**Instructions for the task**
Give back every line of the material exactly. Skip the pictures.

**Data below**
***
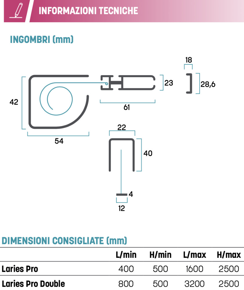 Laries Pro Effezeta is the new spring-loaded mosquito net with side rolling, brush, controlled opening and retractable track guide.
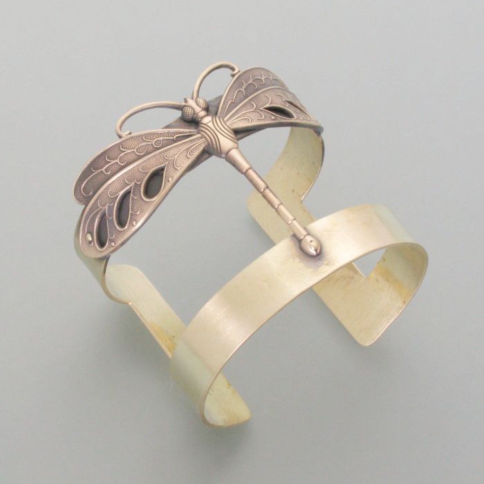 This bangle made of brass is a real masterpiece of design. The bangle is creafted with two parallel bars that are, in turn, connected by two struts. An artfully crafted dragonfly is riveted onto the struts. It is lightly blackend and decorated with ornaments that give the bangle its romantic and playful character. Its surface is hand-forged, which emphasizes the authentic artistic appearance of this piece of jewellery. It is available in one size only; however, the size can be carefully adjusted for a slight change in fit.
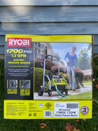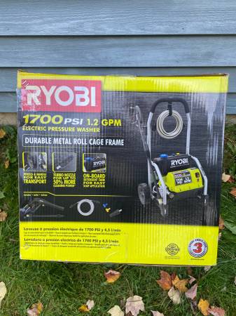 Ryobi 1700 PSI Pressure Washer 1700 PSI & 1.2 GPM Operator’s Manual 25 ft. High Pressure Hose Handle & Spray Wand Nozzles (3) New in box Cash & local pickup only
***
**Written answer**
 Laries Pro Effezeta is the new spring-loaded mosquito net with side rolling, brush, controlled opening and retractable track guide.
 This bangle made of brass is a real masterpiece of design. The bangle is creafted with two parallel bars that are, in turn, connected by two struts. An artfully crafted dragonfly is riveted onto the struts. It is lightly blackend and decorated with ornaments that give the bangle its romantic and playful character. Its surface is hand-forged, which emphasizes the authentic artistic appearance of this piece of jewellery. It is available in one size only; however, the size can be carefully adjusted for a slight change in fit.
 Ryobi 1700 PSI Pressure Washer 1700 PSI & 1.2 GPM Operator’s Manual 25 ft. High Pressure Hose Handle & Spray Wand Nozzles (3) New in box Cash & local pickup only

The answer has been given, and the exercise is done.